La méthode naturelle est acceptée par l'Eglise. Nous sommes de la génération de Saint Jean Paul II et avons bcp lu de passages concernant la théologie du corps...
Je me sens en paix mais j'ai été surpris voire choqué de me voir dire de me rendre en confession...je suppose que d'autres dans cet espace de discussion ont été choqués par vos propos me concernant.
Nous étions en accord avec mon épouse d'avoir plusieurs enfants mais nous voulions une paternité et maternité responsables afin de ne pas compromettre la santé de mon épouse et de notre couple...En tant que père, je me suis aussi bcp implique dans l'éducation de nos enfants. Nous avons déjà 7 petits enfants...alors restriction abusive des enfants ? A d'autres...
Une remarque : j'ai lu des livres d'une historienne Martine Sevegrand sur la sexualité des couples chrétiens des années 1930-1940...combien de femmes ont souffert du devoir conjugal ? Des milliers...pas le droit de dire non...Mon épouse m'a souvent dit non et moi, aussi , il m 'est arrivé de dire non. Et cela, n'a jamais posé de pbs dans notre couple à partir du moment où nous étions en dialogue en vérité. Autrement, le devoir peut devenir viol conjugal et c'est un crime.
Je voudrais terminer par cette phrase de Mgr Rouet, ancien archevêque de Poitiers: "Comment se fait il que Jésus dans l'Evangile parlait tant du pouvoir et si peu de sexe, alors que l'Eglise parle tant du sexe et si peu du pouvoir?" De fait, Jésus parle de respect, d'amour, de pardon, de fidélité, de réconciliation, de dignité, de charité, jamais de sexe..
Vous avez certainement une idée de la réponse...
Voilà, il me paraissait nécessaire de répondre même si je n'ai pas les connaissances détaillées des encycliques comme certains intervenants sur ce fil.

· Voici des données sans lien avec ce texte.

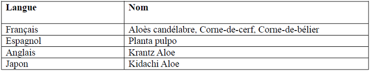 Aloe arborescens a plusieurs noms et appellations dans le monde, le tableau suivant résume les noms les plus connus.

Nous serons jugés sur l'amour que nous avons les uns pour les autres ...cf St Mathieu...ce que nous avons fait... ...., c'est à moi que vous l'avez fait...
Je crois qu'il n'y a pas de sexualité chrétienne...mais, des chrétiens qui vivent au mieux leur sexualité en couple pour le bonheur de chacun des membres du couple dans le respect de chacun ..et sans se poser la question à chaque fois, du comment, des gestes, des pratiques, quel préliminaires ou pas...du permis , du défendu...c'est l'amour de Jésus et pour notre conjoint qui nous guide...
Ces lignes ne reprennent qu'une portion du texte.